Recensione di Carmela Fabbricatore
Capita spesso di guardare film che fanno
parte di una saga più con il cuore che con gli occhi. Ci si affeziona ai
personaggi, ai luoghi, alle storie. La suspense prende il sopravvento e le
domande chiave alla fine di ogni episodio sono “Chi vincerà?” “Come andrà a
finire?”, insieme alle ipotesi più disparate sull’esito felice o meno di
eventuali storie d’amore. Pochi essenziali elementi per creare empatia con il
pubblico, tutti generalmente ruotanti intorno ad una trama complessa ma
avvincente.
La saga è fatta così. Può suscitare un senso di indifferenza totale
nello spettatore, che si sente spesso smarrito e impassibile di fronte alla
storia. O si può venire travolti dalla sua intricata struttura, arrivando ad
amarla. E quando l’epopea si conclude, rimane un senso di nostalgia permanente,
per tutte le emozioni che quella storia ti ha fatto vivere nel corso degli
anni.
Questa settimana la parola fine è stata
usata per una delle saghe più celebri della storia del cinema e della
letteratura: Harry Potter. Sette libri e otto film, che per i primi
instancabili appassionati si traducono in più di dieci anni di sogni e avventure
fantastiche. La seconda parte di Harry
Potter e i doni della morte conclude il ciclo cinematografico delle
peripezie del mago più celebre del mondo. Il film si apre laddove l’avevamo
lasciato, la sabbiosissima spiaggia di Villa conchiglia, dove i protagonisti
hanno appena celebrato un importante e commovente funerale.
Di qui si snodano
tutte le vicende successive, con un ritmo sempre più incalzante e avvincente.

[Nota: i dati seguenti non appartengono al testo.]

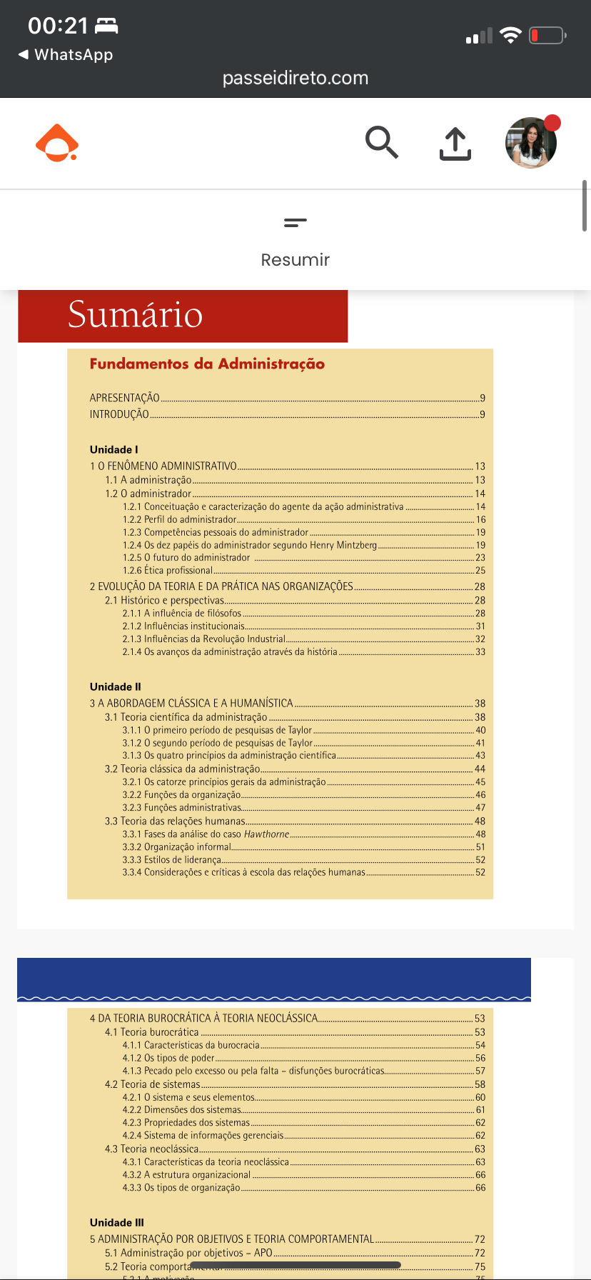 00:21 WhatsApp passeidireto.com Resumir Sumário Fundamentos da Administração APRESENTAÇÃO 9 INTRODUÇÃO 9 Unidade 10 FENÔMENO ADMINISTRATIVO 13 1.1 A administração 13 0 administrador 14 1.2.1 Conceituação e caracterização do agente da ação administrativa 14 1.2.2 Perfil do administrador 16 1.2.3 Competências pessoais do administrador 19 1.2.4 Os dez papéis do administrador segundo Henry Mintzberg 19 1.2.5 0 futuro do administrador 23 1.2.6 profissional 25 2 EVOLUÇÃO DA TEORIA E DA PRÁTICA NAS ORGANIZAÇÕES 28 2.1 Histórico e perspectivas 28 2.1.1 A influência de filósofos 28 2.1.2 Influências institucionais 31 2.1.3 Influências da Revolução Industrial 32 2.1.4 Os avanços da administração através da história 33 Unidade II 3 A ABORDAGEM CLÁSSICA E A HUMANÍSTICA 38 3.1 Teoria cientifica da administração 38 3.1.1 0 primeiro de pesquisas de Taylor 40 3.1.2 0 segundo período de pesquisas de Taylor 41 3.1.3 Os quatro principios da administração cientifica 43 3.2 Teoria clássica da administração 44 3.2.1 Os catorze gerais da administração 45 3.2.2 Funções da organização 46 3.2.3 Funções administrativas 47 3.3 Teoria das relações humanas 48 3.3.1 Fases da análise do caso Hawthorne 48 3.3.2 Organização informal 51 3.3.3 Estilos de liderança 52 3.3.4 Considerações e críticas à escola das relações humanas 52 4 DA TEORIA BUROCRÁTICA À TEORIA NEOCLÁSSICA 53 4.1 Teoria burocrática 53 4.1.1 da burocracia 54 4.1.2 Os tipos de poder 56 4.1.3 Pecado pelo excesso ou pela falta - disfunções burocráticas 57 4.2 Teoria de sistemas 58 4.2.1 0 sistema e seus elementos 60 4.2.2 Dimensões dos sistemas 61 4.2.3 Propriedades dos sistemas 62 4.2.4 Sistema de informações gerenciais 62 4.3 Teoria neoclássica 63 4.3.1 Características da teoria neoclássica 63 4.3.2 A estrutura organizacional 66 4.3.3 Os tipos de organização 66 Unidade III 5 ADMINISTRAÇÃO POR OBJETIVOS E TEORIA COMPORTAMENTAL 72 5.1 Administração por objetivos APO 72 5.2 Teoria comporta 75 75
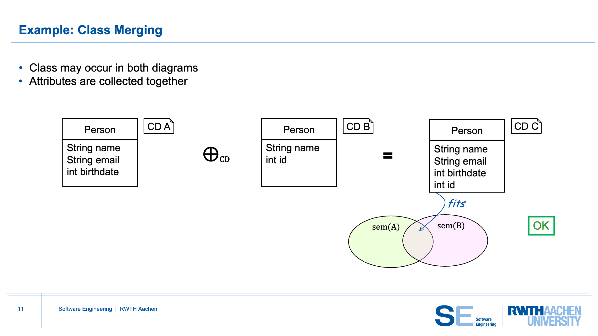 ⊕combines the two class diagrams into a new, integrated diagram. - From the merged diagram, new generated code (
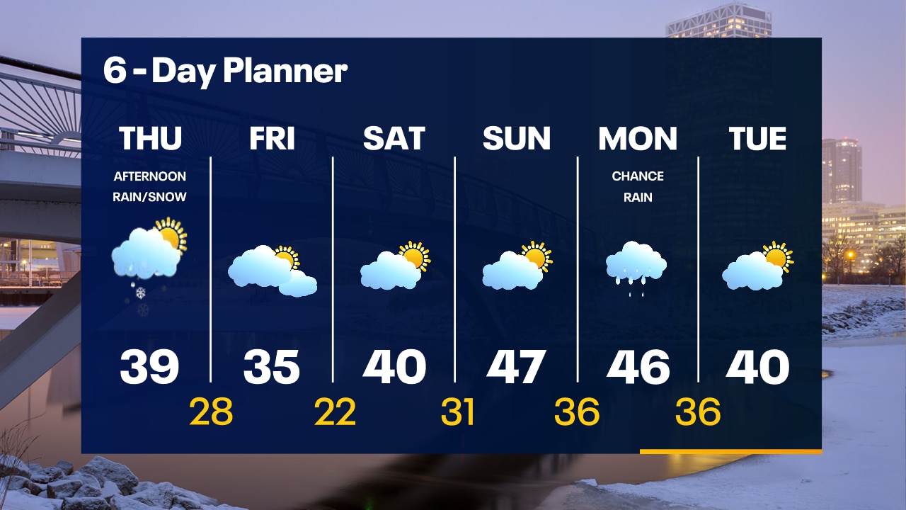 Areas of fog overnight with temperatures in the 30s. Mostly cloudy on Thursday and breezy. Scattered afternoon and evening rain/snow showers. Highs in the upper 30s.
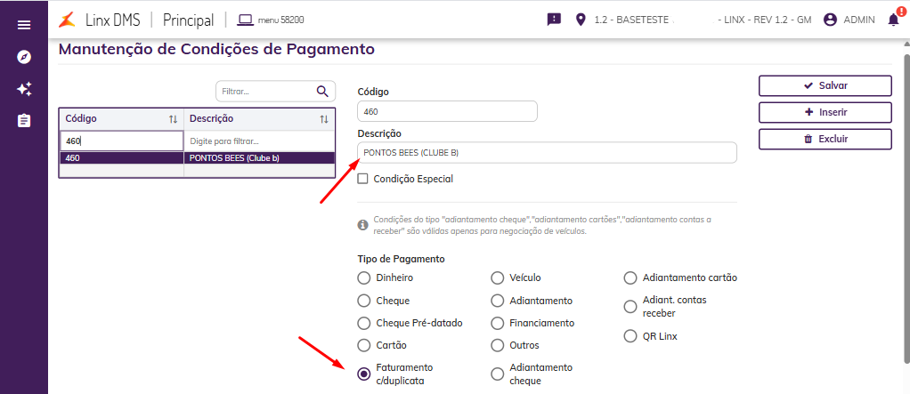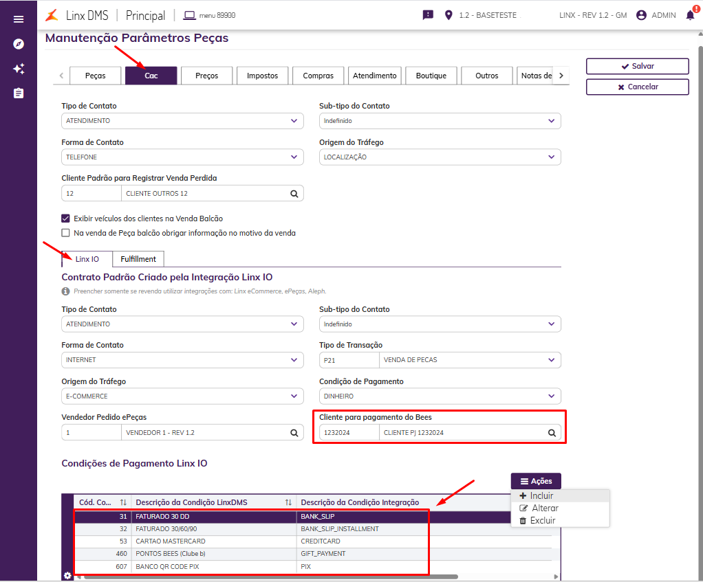 Na aba CAC, relacionar as condições de pagamento já utilizadas na concessionária com as condições da BEES:

Certo, gli errori e i difetti non mancano. Una narrazione macchinosa e
incompleta, un’inespressiva Emma Watson assolutamente non degna del personaggio
che interpreta, un doppiaggio forzato che non rende a pieno il potenziale
recitativo di Daniel Radcliffe, ma soprattutto, la presenza di adattamenti nei
dialoghi e nei dettagli, fatti spudoratamente per accattivare l’attenzione del
“pubblico di massa” e che sacrificano l’anima della storia. Primo tempo non
degno di nota. Errori e dimenticanze permangono anche nel secondo tempo. Scene
epiche di battaglia costruite con quel tipico retrogusto hollywoodiano, capace
di spostare l’attenzione dal messaggio all’azione fine a se stessa. Tuttavia,
appena in sala si spengono le luci dell’intervallo, “l’effetto saga” prende il
sopravvento.
E nonostante tutte le grossolanità evidenti, scorrono le lacrime.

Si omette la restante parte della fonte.